I love my 11″ MacBook Air. But as a developer, its 120GB SSD has become an issue. With new versions of iOS, beta versions of Xcode and the various Apple programs that don’t play well with external hard drives (I am looking at you iTunes and iPhoto) I seem to be constantly shuffling stuff on and off my G|Drive slim external drive. Finally, exasperated with my new role as a human cache manager, I decided to try to find a solution.

With a quick bit of googling I quickly found the OWC Aura SSD Upgrades page. I chose the 480GB Aura Pro SSD + Envoy + Tools bundle (for $415 plus tax and shipping at time of writing). The Envoy is a case that allows you to use your old SSD as an external drive. The Pro version offers slightly faster write times and a longer warranty than the regular version.
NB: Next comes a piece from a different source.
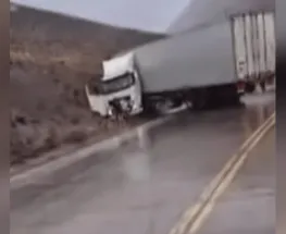 Un camión quedó atravesado en la ruta cerca del ingreso a Horcones en dirección a Chile, provocando el corte total del tránsito. Las lluvias y el pavimento resbaladizo serían las causas del siniestro.

You should be aware that Apple does not view the MacBook Air SSD as a user-upgradable item and what is described in this article may void your warranty.

Update: OWC contacted me to clarify some issues relating to warranties. For more information please see the information provided by Eileen Millard in the comments section below.


The surprisingly compact Aura Pro Envoy kit. (I though they had left something out!)

The surprisingly compact Aura Pro Envoy kit. (I though they had left something out!)

The Aura Pro Envoy kit comes with everything you need to perform the upgrade: the 480GB SSD, an enclosure to use your old SSD as an external drive, a pouch for the external enclosure, a USB cable, some screws, a user guide and last, but not least, the two special screwdrivers you need to open and close the case of your MacBook Air.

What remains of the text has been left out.